Rituals For Rosh HaShanah
Rosh HaShanah, the Jewish new year, lasts two days. It falls on the first of the Jewish month of Tishrei and celebrates the creation of the earth and humanity. In the month working up to Rosh HaShanah, Elul, we work on taking stock of our lives, ourselves, our actions. It is a month of spiritual inventory that doesn't end there. Rosh HaShanah issues in the new year but encourages us to continue on the work. For Jewish practitioners, finding meaningful rituals can be difficult in the age of Zoom meetings and closed synagogues, but it doesn't have to be. Here are a few ritual suggestions to celebrate Rosh HaShanah, infused with intention.
Lighting candles is a staple for most Jewish holidays, Rosh HaShanah included. On the first night of Rosh HaShanah, we light a minimum of two candles and say kiddush. However, there is an opportunity here to bring intention to this ritual.

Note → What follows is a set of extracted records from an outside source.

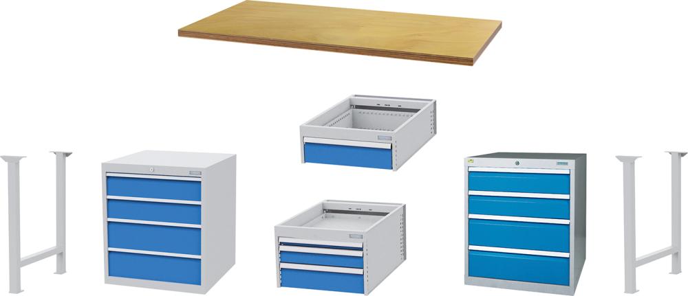 Reihenwerkbank, mit Hängeschubladen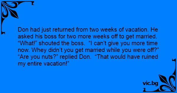 Don had just returned from two weeks of vacation. He asked his boss for two more weeks off to get married.
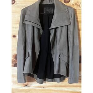 Dawn Levy Leather Grey Zip up jacket. Womens Medium. High-Low. Soft!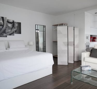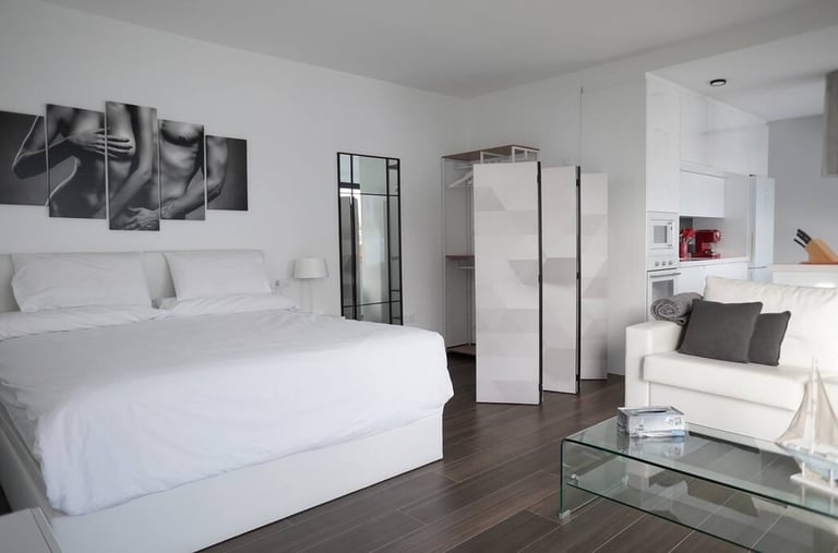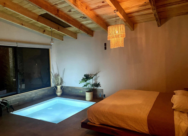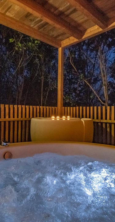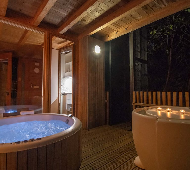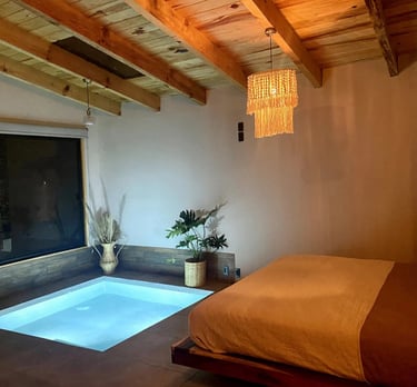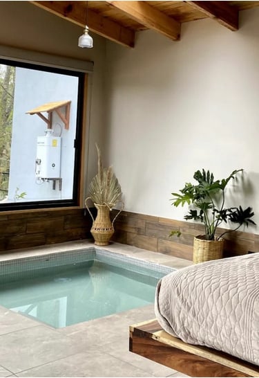 Pequeña cabaña con jacuzzi con hidromasaje adaptable a mini piscina, servicios de streaming (Netflix, YouTube Premium, HBO, Prime, Disney+), cama queen size, baño, climatizador, 1 plaza de parking, mini cocina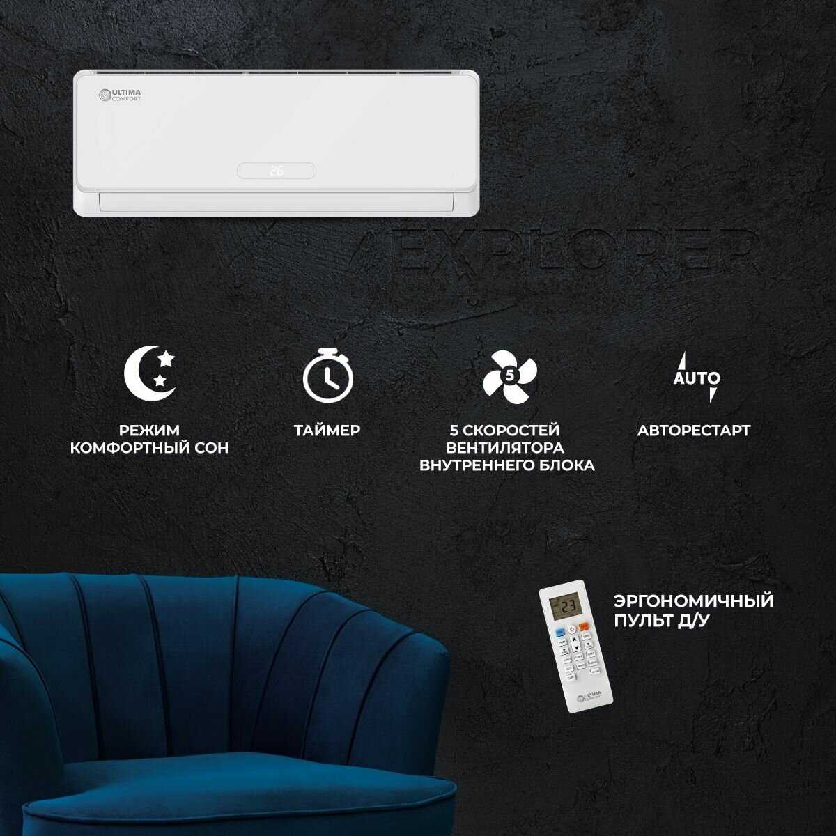 Характеристики:- обогрев и охлаждение помещений до 35м²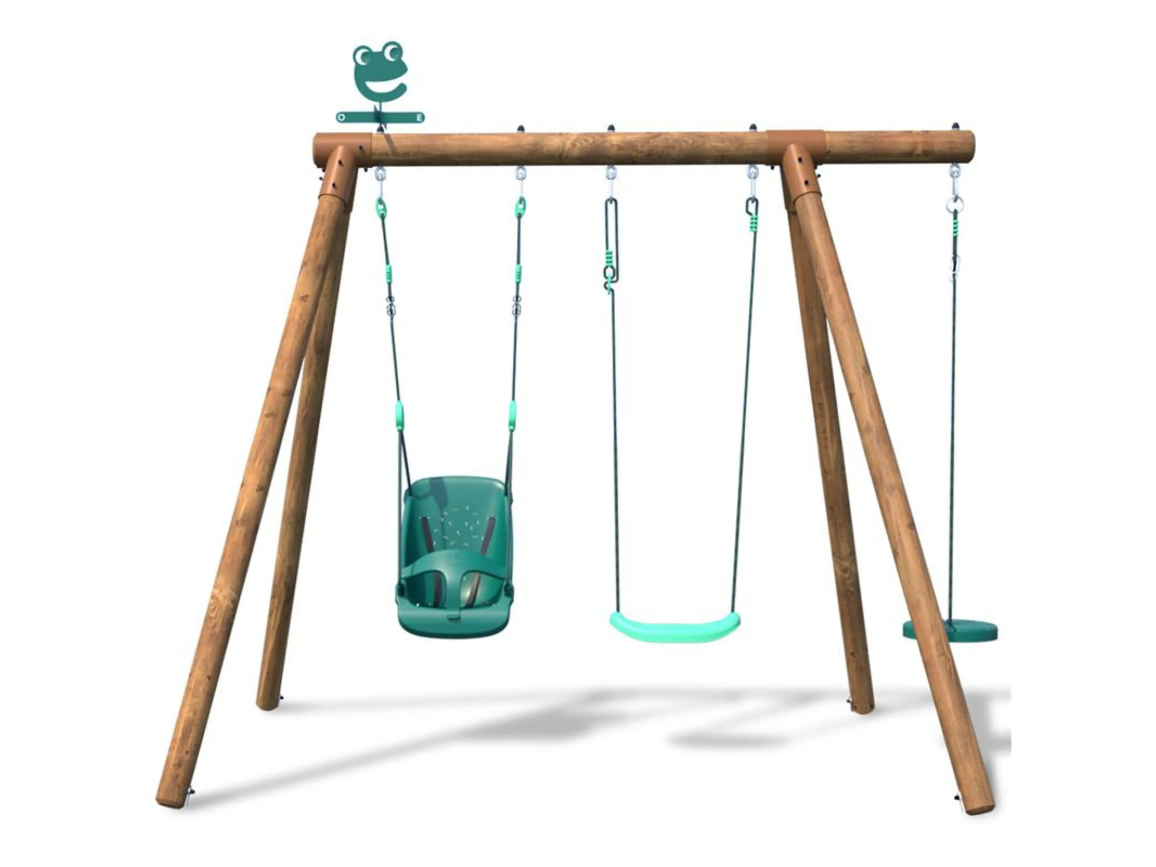 Avec la balançoire Tiago, trois enfants peuvent s’amuser en même temps ! Cette balançoire en bois est parfaite aussi bien pour la prunelle de votre petit œil que pour les plus jeunes de la famille. La balançoire est équipée d’un siège pour bébé, d’une balançoire et d’un disque, ce qui offre de nombreuses options de jeu pour chaque enfant.

Take the time to prepare your space and your candles. From anointing your candles with herbs and oils to simply picking out beautiful candle holders, set and prepare your space with intention. Focus on what you want to bring into the new year and what you want to leave behind. To anoint your candles, choose herbs that bring positive attributes to your life. For example, fennel to a year free of malignant spirits, mandrake for love, or cloves for warmth and protection.
As you are not meant to touch or disturb your candles after lighting them, ensure that you have anointed them in such a way that they will not require adjusting or movement.
Once you have set your space, prepare to light your candles. After lighting, draw the energy and light of the candles into your heart three times and recite the following brachot:
Baruch atah Adonai, Eloheinu Melech haolam, asher kid'shanu b'mitzvotav v'tzivanu l'hadlik ner shel (Shabbat v'shel) Yom Tov.*
Blessed are You, our G.d, Ruler of the world, who sanctifies us with mitzvot and calls upon us to kindle the lights of (Shabbat and) the Festival day.
Baruch atah Adonai, Eloheinu Melech haolam, shehechiyanu, v’kiy’manu, v’higianu lazman hazeh.
Blessed are You, our G.d, Ruler of the world, who sustained us and allowed us to arrive in this moment.
*If not performed on Shabbat, ignore the parenthesis.
The most famous of the traditions for Rosh HaShanah,
Tashlich is a ritual to cast off sins. In Judaism, we know the cleansing nature of water. We cleanse ourselves in it, we wash our hands in it, and now, we cast off our sins into the water. In a body of water, cast away sins, fears, doubts, and negativity by throwing bread, sticks, stones, or other foods into the water.
There are some groups that require the water to have fish, while others believe it to reference any body of water. Many prayers are said while performing tashlich, including the reading of Michah 7:19, where the practice stems. It is also a Kabbalistic practice to shake the ends of ones garmets out.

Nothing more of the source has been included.